“Vengan
a mí, todos los que están fatigados y agobiados y Yo los aliviaré” (Mt 11,28-30). Nuestro tiempo se
caracteriza por un fuerte y marcado materialismo existencialista, que ha
desplazado a Dios por completo no solo de las leyes y del gobierno de las
naciones, sino de la vida cotidiana de miles de millones de seres humanos. Esto
no hace más que agravar la angustia existencial que el hombre posee por el solo
hecho de nacer en este mundo, agobiado por el peso del pecado original. Puesto
que Dios es la Fuente de la felicidad del hombre, al haber sido creado el
hombre para ser feliz en la unión en el Amor con Dios Trino, al no tener a Dios
por culpa del pecado original, por un lado, y al desplazar a Dios y a su
Mesías, Jesucristo, de manera intencional, por otro lado, el hombre se ve envuelto
en la más oscura tiniebla espiritual, que inunda su existencia de angustia, de
dolor, de sufrimiento, sin encontrar sentido ni a la vida ni a la muerte ni a
su paso por esta vida terrena.
Entonces,
en nuestros días, el agobio del hombre se produce por dos caminos: por causa del
pecado original, porque por éste se encuentra sin la Fuente de su felicidad que
es Dios y, por otro lado, porque el hombre mismo, llevado por su propia ceguera
espiritual, se aleja de Dios y de su Ley.
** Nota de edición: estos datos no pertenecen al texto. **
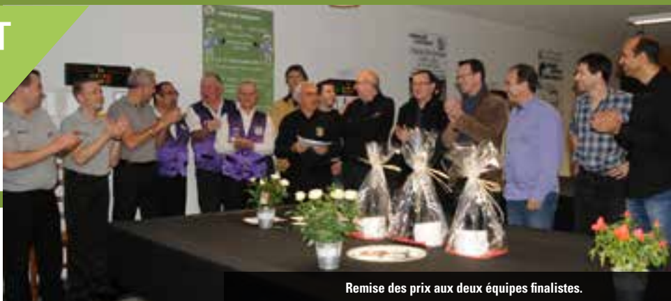
Remise des prix aux deux équipes finalistes.

L'installation du Club de Billard Montbrisonnais dans la Maison des associations lui a donné un nouvel élan !

De esta manera, la angustia
existencial se multiplica y el hombre se agobia espiritualmente, sin ser capaz
de encontrar, por sí mismo, una salida a esta situación.
Es
aquí cuando interviene el Hombre-Dios Jesucristo quien, desde la Eucaristía,
promete alivio a todo aquel que se encuentre “afligido y agobiado”, porque Él
se encargará de quitar lo que ensombrece la vida del hombre, que es el pecado y
al mismo tiempo le dará aquello que ilumina la vida del hombre en la tierra,
que es el Amor de su Sagrado Corazón Eucarístico.